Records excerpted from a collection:
········

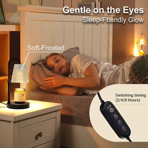 JIMEI Candle Warmer Lamp with Timer Electric Wax Warmer for Scented Wax Melt Warmer Melter for Jar Candles Dimmable Adjustable Height Gifts for Women Mom House Warming Frossted Glass Black
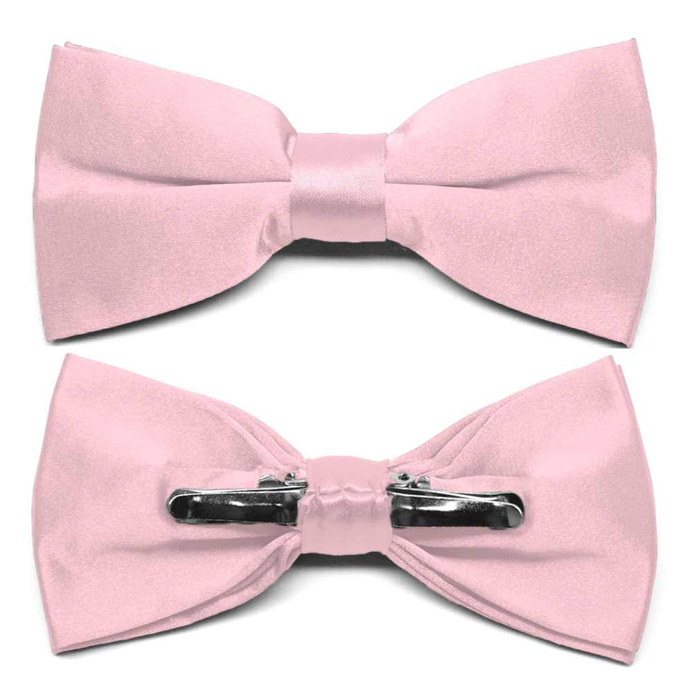 Wear a perfect bow every time with this carnation pink clip-on bow tie. This pre-tied bow features a heavyweight clip that discretely attaches to either side of your shirt collar material for a secure fit. One size fits all, regardless of neck size. Has a shiny, satin look. Matching pocket squares available.
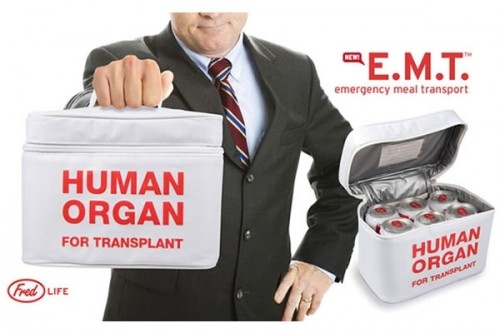 Here's a guaranteed conversation-starter for back to school! The E.M.T. insulated tote and lunch bag will keep sandwich and drink perfectly chilled, ready to transplant right into your waiting stomach. The Emergency Meal Transport is labeled "Human Organ for Transplant," but you can explain that away. The tote is insulated, with a zipper closure and a side mesh pocket, and there's a place to slip your name tag or business card into. Get yours today at the NeatoShop!Note: not to be used for human organs.
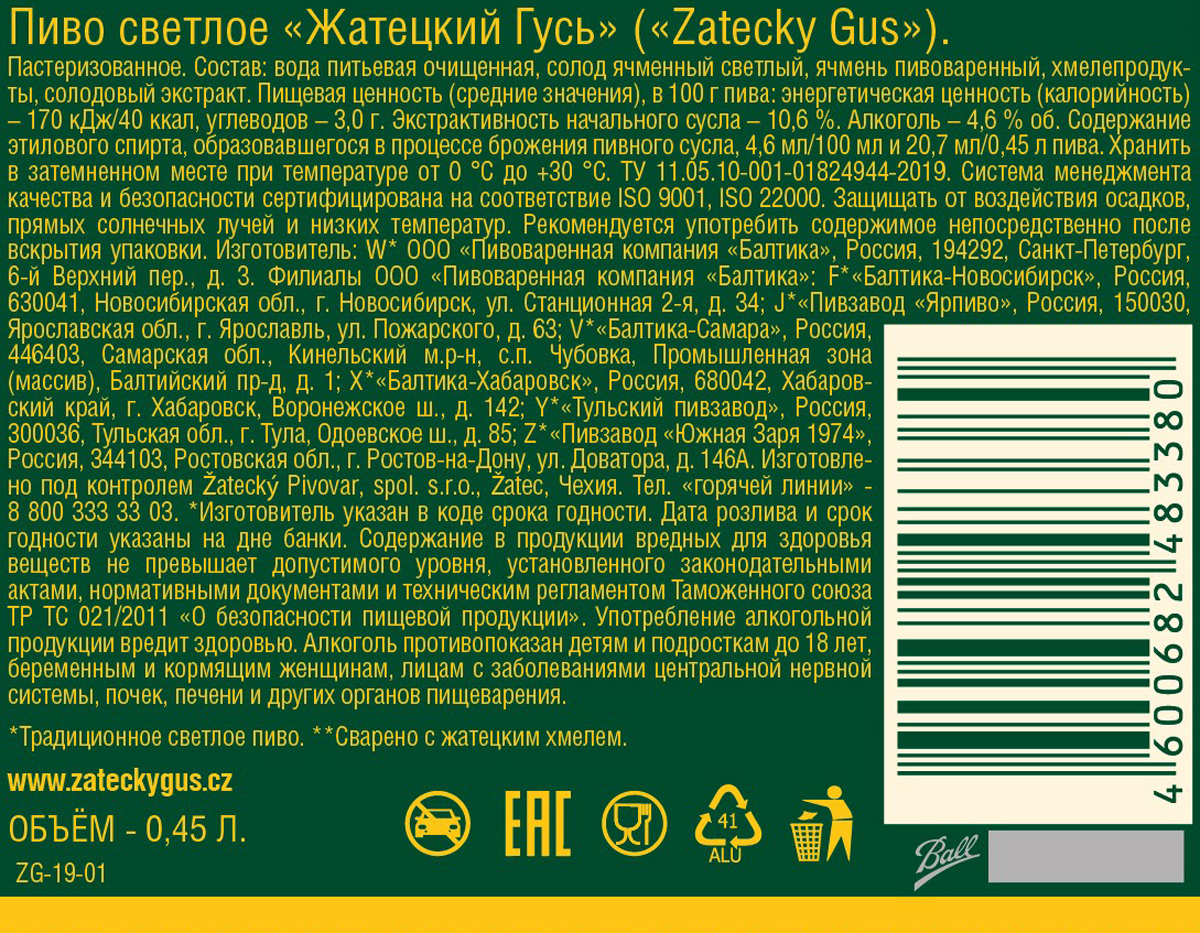 Zatecky Gus — это традиционное светлое пастеризованное пиво, сваренное по оригинальной рецептуре с добавлением знаменитого чешского ароматного хмеля сорта Жатецкий, который является одним из самых высококачественных. Его использование придает пиву особенный аромат и легкую горчинку, при этом оно легко пьется.
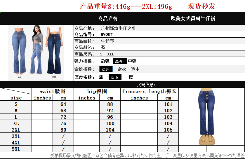 공장 직접 판매 2025 유럽과 미국의 인기 여성 청바지 여성 슬림 하이 웨이스트 엉덩이 플레어 바지 재고 있음 도매스토어 가기
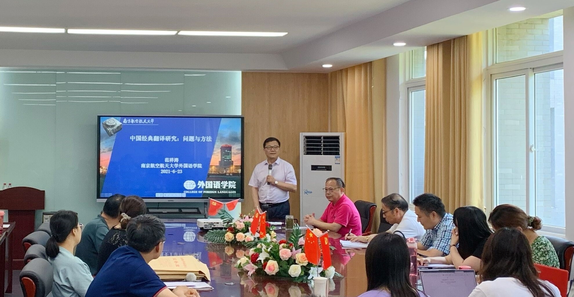本网讯(通讯员:佘月月,李怡嘉)6月23日,应WilliamHill官网外国语学院邀请,南京航空航天大学外国语学院院长范祥涛教授来WilliamHill官网作主题为“中国经典翻译研究:问题与方法”和“ 国家项目申报说略”两场学术讲座。学科带头人周平教授主持本次讲座。外国语学院全体教师聆听讲座。
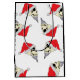 ¡Ho Ho HOLY fuma! ¿Es un cráneo con un Sombrero de Santa y una cabra en esa bolsa de regalo? ¡Te apuesto tu dulce trineo! Esta impresionante y temerosa bolsa de regalo de vacaciones muestra los cráneos de Santa Claus sobre un fondo blanco con detalles negros.
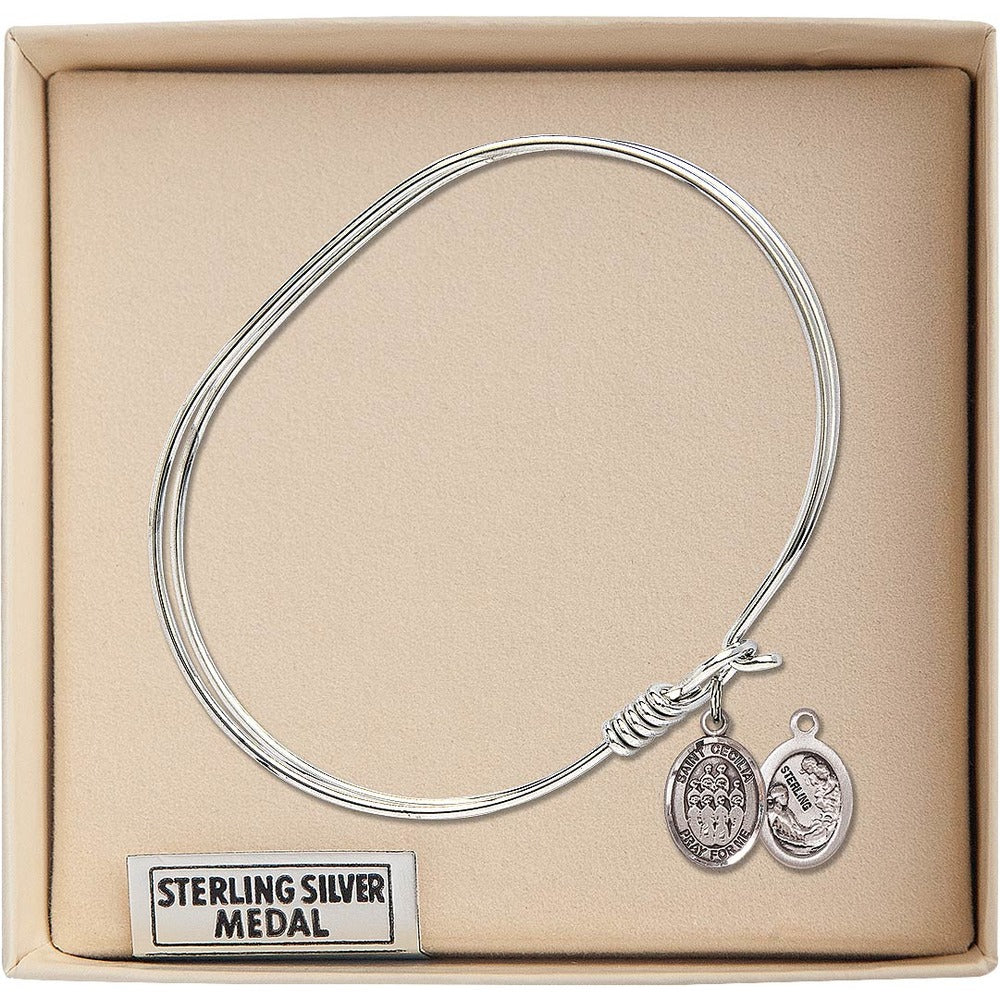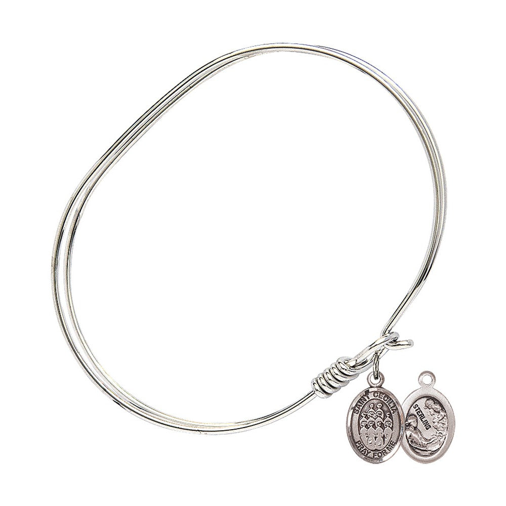 Adult 7" Oval Rhodium Plated Bangle Bracelet with St. Cecilia / Choir Medal Charm
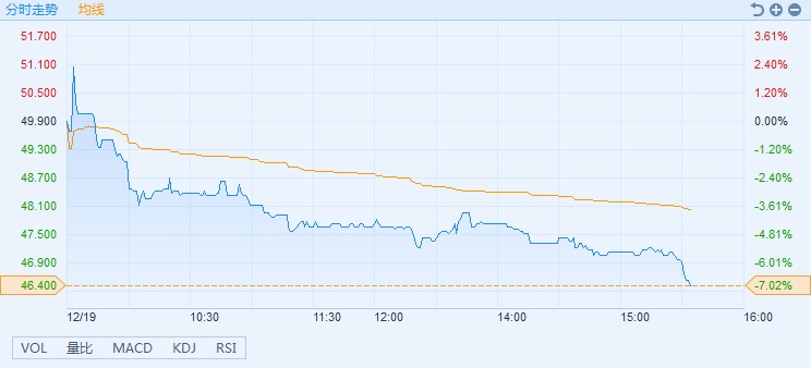 智通财经APP获悉,H&H国际控股(01112)持续走弱,股价跌半成,截至15时33分,跌7.01%,报价46.4港元,成交额5116.29万。
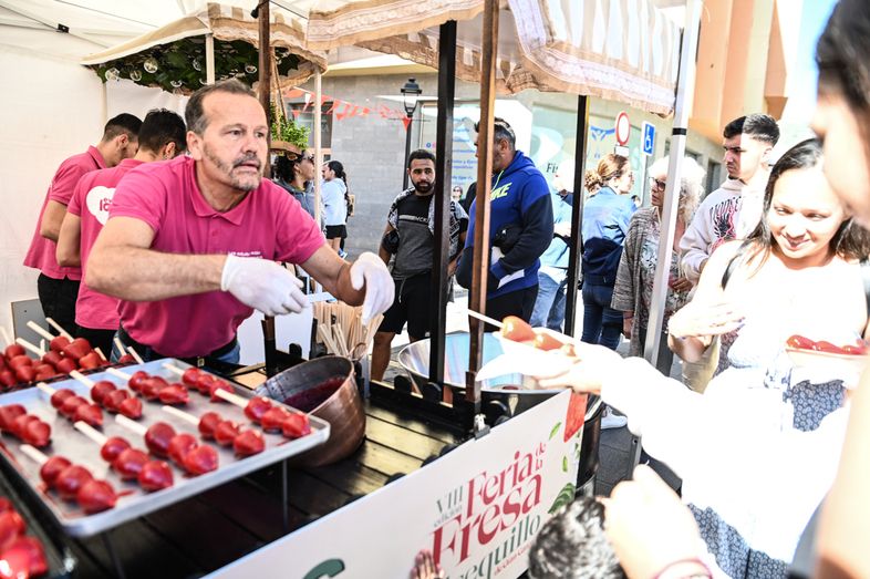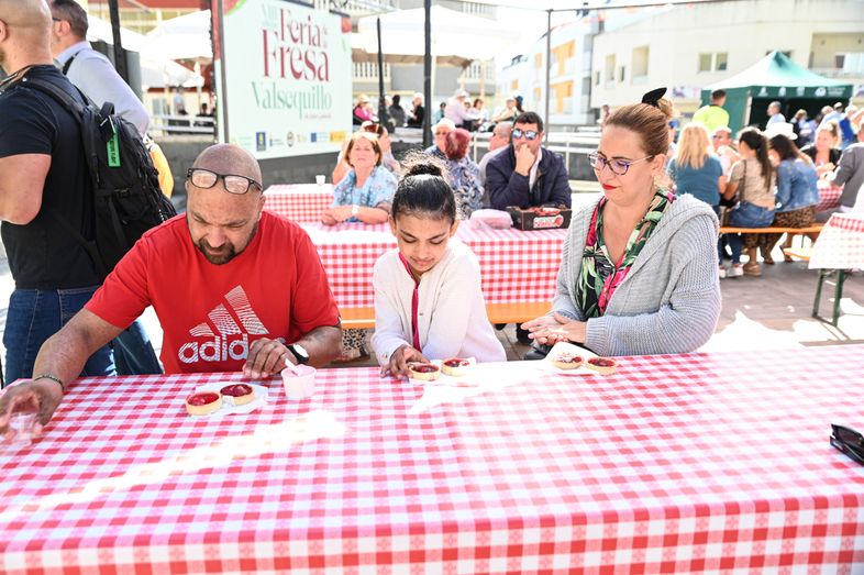La VIII Feria de la Fresa de Valsequillo, organizada por el Ayuntamiento de Valsequillo de Gran Canaria, puso a disposición de sus visitantes más de 1.000 kilos de fresas, cortesía de los agricultores freseros de la zona, que hicieron las delicias de todos al natural, con nata, en tartaletas, batidos y helados. Durante el día muchos han hecho cola para poder degustar algunas de estas delicias que se han repartido en distintos puntos de degustaciones gratuitas.
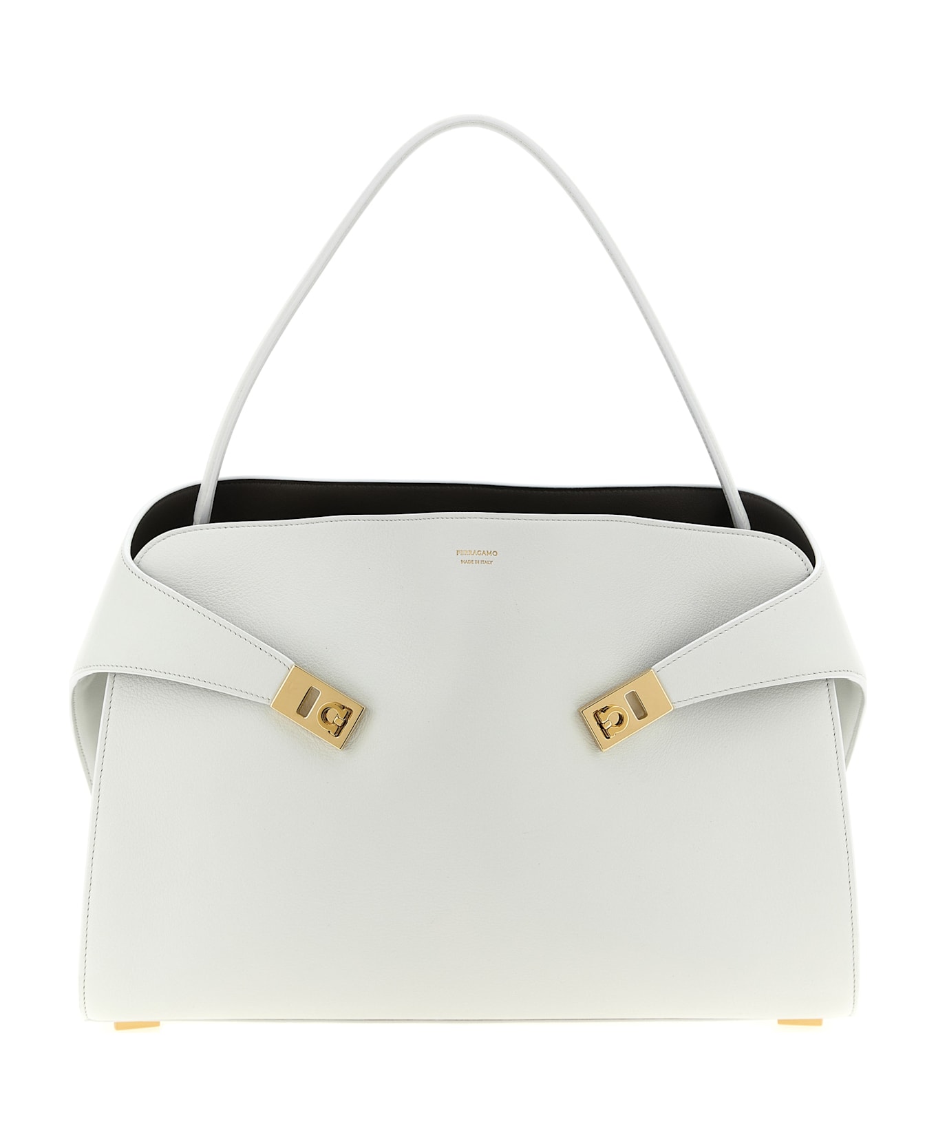 'Hug Soft M' leather shoulder bag with front embossed logo, side gussets with Gancini buckle decoration, inner flap closure with magnets and T-bar, fixed handle, metal details. Composition: 100% calfskin leather (Bos Taurus)
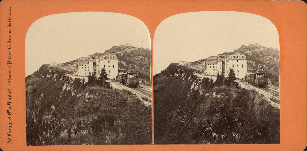 Stereobild av lokomotiv på bergsbana till Hôtel Rigi- Staffel.
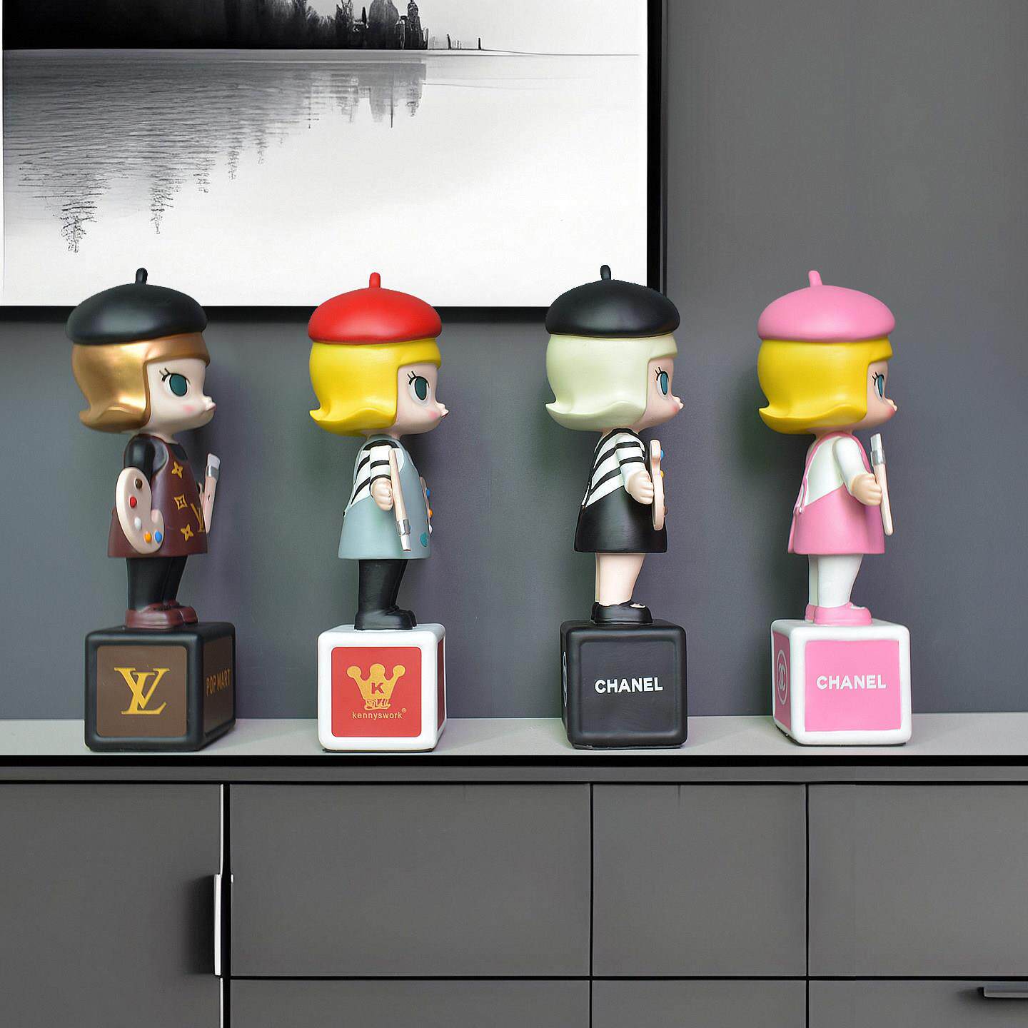 家居电视柜酒柜摆件高级潮玩小画 画家茉莉公仔桌面摆设客厅玄关
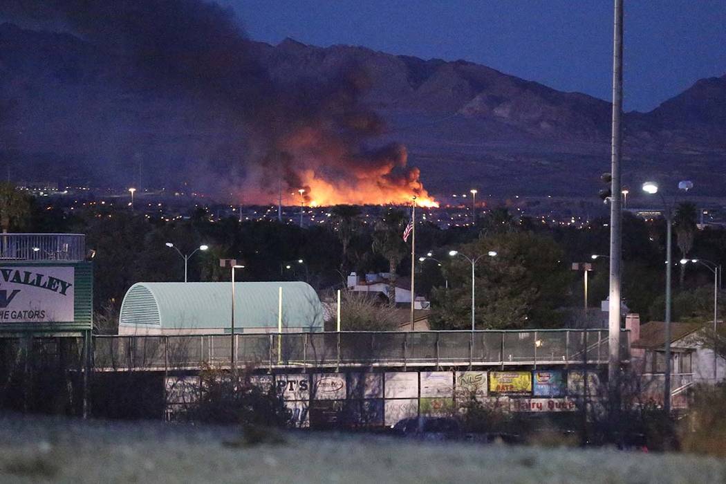 A fire engulfs wetlands park near Sam Boyd Stadium on Tuesday, February 20, 2018. Michael Quine/Las Vegas Review-Journal @Vegas88s

········

* **WHAT IS NEEDED**
Copy word for word each line of the data above, from the first through the one containing "Wear a perfect", and include no pictures.

* **SOLUTION FOR THIS PROBLEM**
 JIMEI Candle Warmer Lamp with Timer Electric Wax Warmer for Scented Wax Melt Warmer Melter for Jar Candles Dimmable Adjustable Height Gifts for Women Mom House Warming Frossted Glass Black
 Wear a perfect bow every time with this carnation pink clip-on bow tie. This pre-tied bow features a heavyweight clip that discretely attaches to either side of your shirt collar material for a secure fit. One size fits all, regardless of neck size. Has a shiny, satin look. Matching pocket squares available.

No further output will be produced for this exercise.